## Problem
Return the listing exactly. Keep no pictures.

## Records for processing
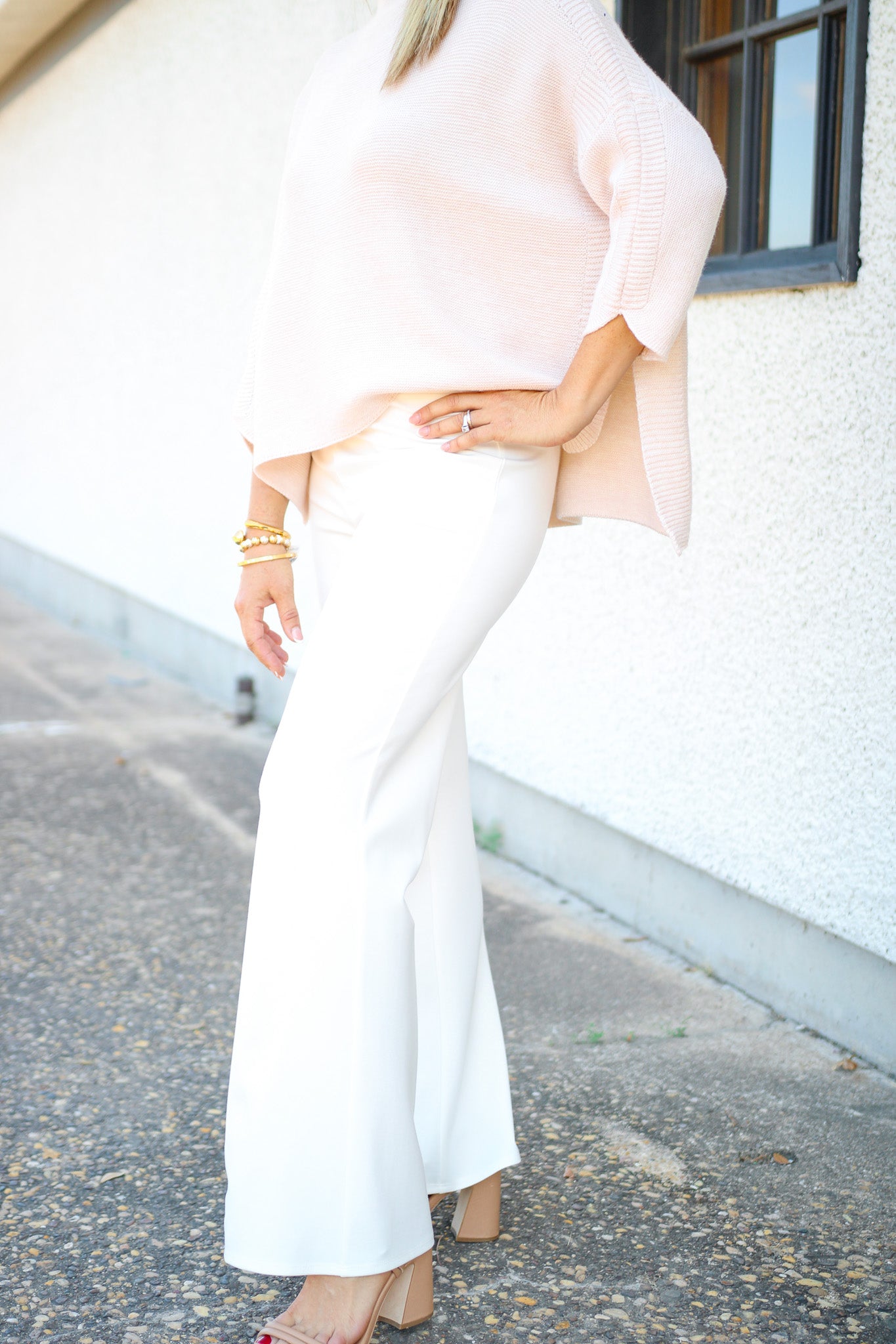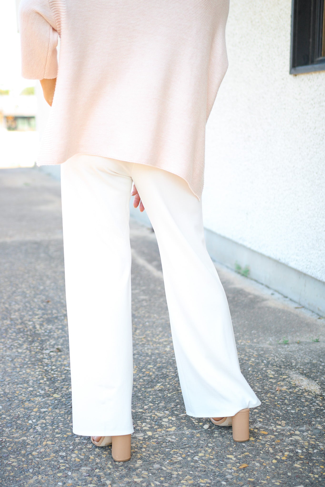 Our Trixie pant is a fan favorite! Featured in our solid stretch knit Jude Ponte, it's a pull-on wide-leg pant with an elastic waistband that sits on the hip. The width of the legs provides a loose and flowing silhouette, creating a more relaxed and comfortable fit while still looking stylish and polished.
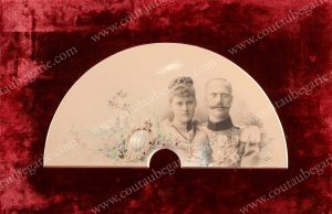 15 avril 1891 au palais de Nymphemburg (Munich), orné du blason aux couleurs de la Bavière surmonté de la couronne royale, appliqué sur un fond en velours rouge. Petites taches, mais bon état général. Travail allemand de la fin du XIXe sicle. H. : 36, 5 cm - L. : 56 cm.
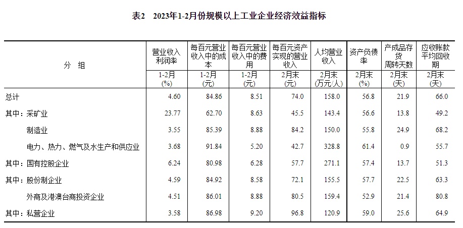 2月末,规模以上工业企业每百元资产实现的营业收入为74.0元,同比减少7.1元;人均营业收入为158.0万元,同比增加0.6万元;产成品存货周转天数为21.9天,同比增加2.1天;应收账款平均回收期为66.0天,同比增加7.3天。
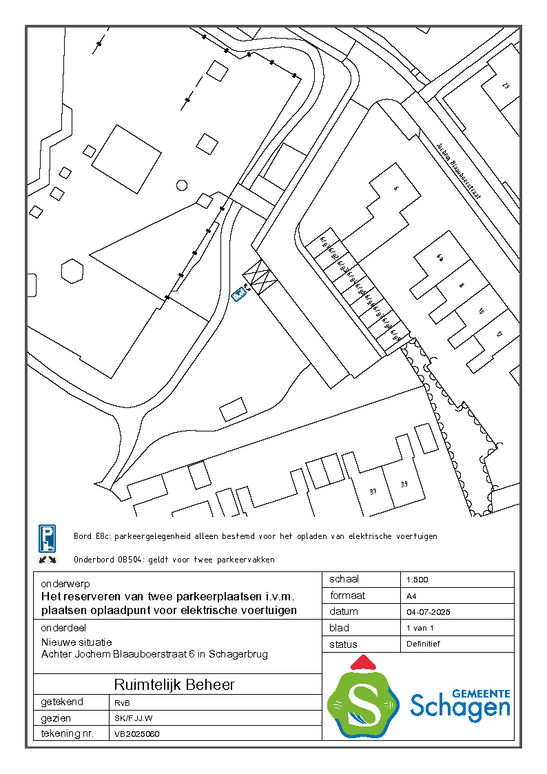 Gemeente Schagen- Verkeersbesluit reserveren van 2 parkeerplaatsen voor het opladen van elektrische voertuigen nabij Jochem Blaauboerstraat 6, Schagerbrug.
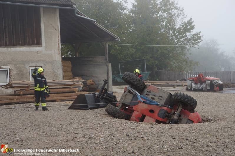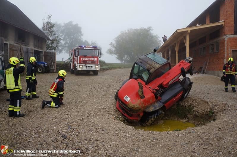 Zum ersten Einsatz des Vormittag wurden die Feuerwehrmitglieder um ca. 8:45 Uhr zu einem landwirtschaftlichen Betrieb gerufen. Beim Rangieren übersah der Lenker eines Teleskopladers eine ca. 1 Meter tiefe Grube und geriet in diese, woraufhin der Lader umstürzte. Glücklicherweise wurde der Lenker dabei nicht verletzt und konnte das Fahrzeug selbstständig verlassen.
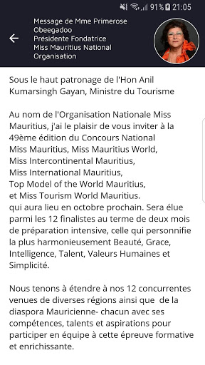 Download Miss Mauritius 2018 mobile app now and keeping touch about every events. You can also vote for a miss.
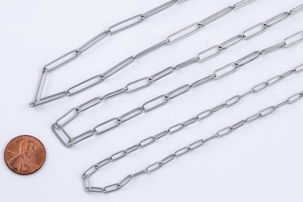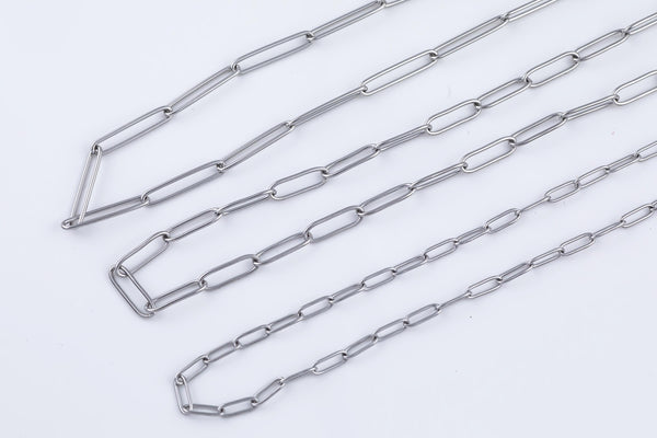 Stainless Steel Round Paperclip Chain - Yard or Full Spool - High Quality Polished Stainless Steel - Hypoallergenic 3mm 4mm 5mm
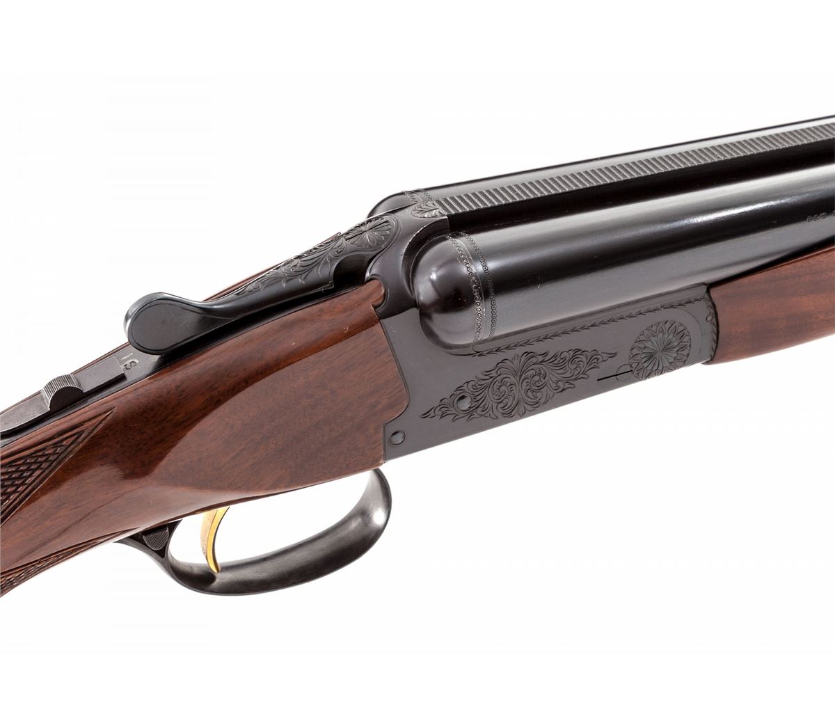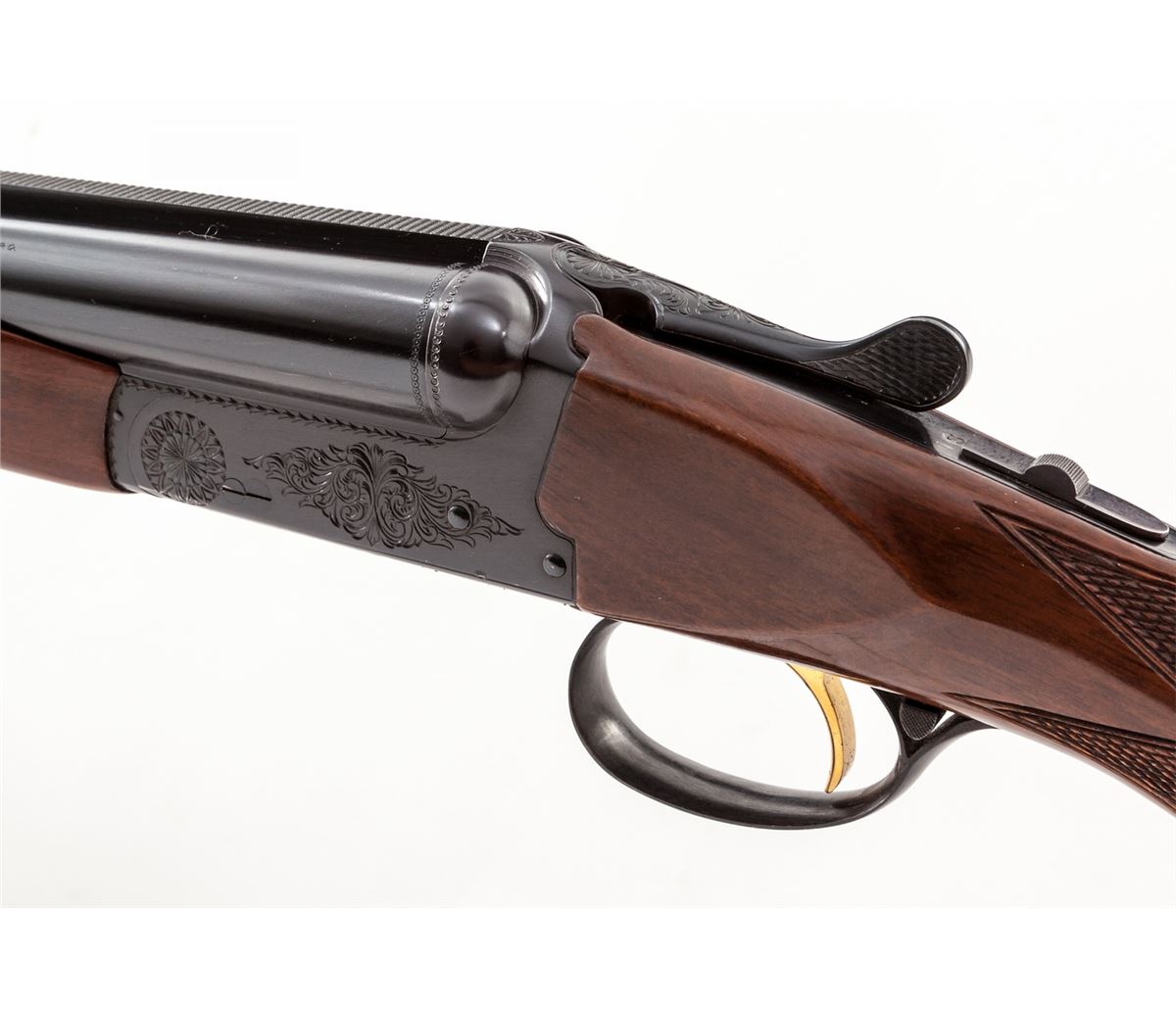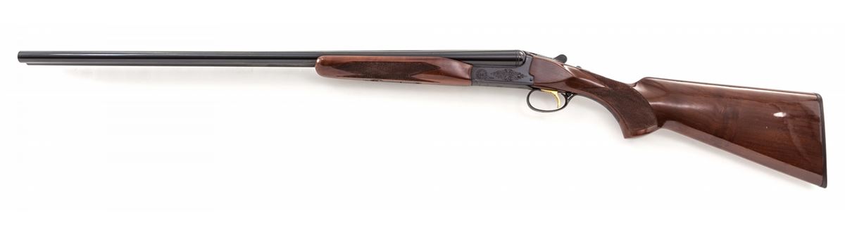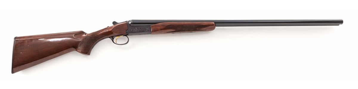 Browning B-S/S Side-by-Side Boxlock Shotgun, #03936PZ168, 20 ga., 3'' chs., blue finish, 28'' barrels with silver front bead, Full/Mod. chokes, automatic sliding top tang safety, single gold-plated trigger with triggerguard barrel selector, light scroll engraving on the frame; checkered gloss finish walnut pistol grip stock and beavertail forend with a 14-1/4'' length of pull over a plastic Browning buttplate. Mfg'd 1981. Mechanically sound, showing light use with beginning plum toning to blued metal surfaces along with a few handling marks. Est.: $900-$1,200. (Modern)

## Exercise answer
 Our Trixie pant is a fan favorite! Featured in our solid stretch knit Jude Ponte, it's a pull-on wide-leg pant with an elastic waistband that sits on the hip. The width of the legs provides a loose and flowing silhouette, creating a more relaxed and comfortable fit while still looking stylish and polished.
 15 avril 1891 au palais de Nymphemburg (Munich), orné du blason aux couleurs de la Bavière surmonté de la couronne royale, appliqué sur un fond en velours rouge. Petites taches, mais bon état général. Travail allemand de la fin du XIXe sicle. H. : 36, 5 cm - L. : 56 cm.
 2月末,规模以上工业企业每百元资产实现的营业收入为74.0元,同比减少7.1元;人均营业收入为158.0万元,同比增加0.6万元;产成品存货周转天数为21.9天,同比增加2.1天;应收账款平均回收期为66.0天,同比增加7.3天。
 Gemeente Schagen- Verkeersbesluit reserveren van 2 parkeerplaatsen voor het opladen van elektrische voertuigen nabij Jochem Blaauboerstraat 6, Schagerbrug.
 Zum ersten Einsatz des Vormittag wurden die Feuerwehrmitglieder um ca. 8:45 Uhr zu einem landwirtschaftlichen Betrieb gerufen. Beim Rangieren übersah der Lenker eines Teleskopladers eine ca. 1 Meter tiefe Grube und geriet in diese, woraufhin der Lader umstürzte. Glücklicherweise wurde der Lenker dabei nicht verletzt und konnte das Fahrzeug selbstständig verlassen.
 Download Miss Mauritius 2018 mobile app now and keeping touch about every events. You can also vote for a miss.
 Stainless Steel Round Paperclip Chain - Yard or Full Spool - High Quality Polished Stainless Steel - Hypoallergenic 3mm 4mm 5mm
 Browning B-S/S Side-by-Side Boxlock Shotgun, #03936PZ168, 20 ga., 3'' chs., blue finish, 28'' barrels with silver front bead, Full/Mod. chokes, automatic sliding top tang safety, single gold-plated trigger with triggerguard barrel selector, light scroll engraving on the frame; checkered gloss finish walnut pistol grip stock and beavertail forend with a 14-1/4'' length of pull over a plastic Browning buttplate. Mfg'd 1981. Mechanically sound, showing light use with beginning plum toning to blued metal surfaces along with a few handling marks. Est.: $900-$1,200. (Modern)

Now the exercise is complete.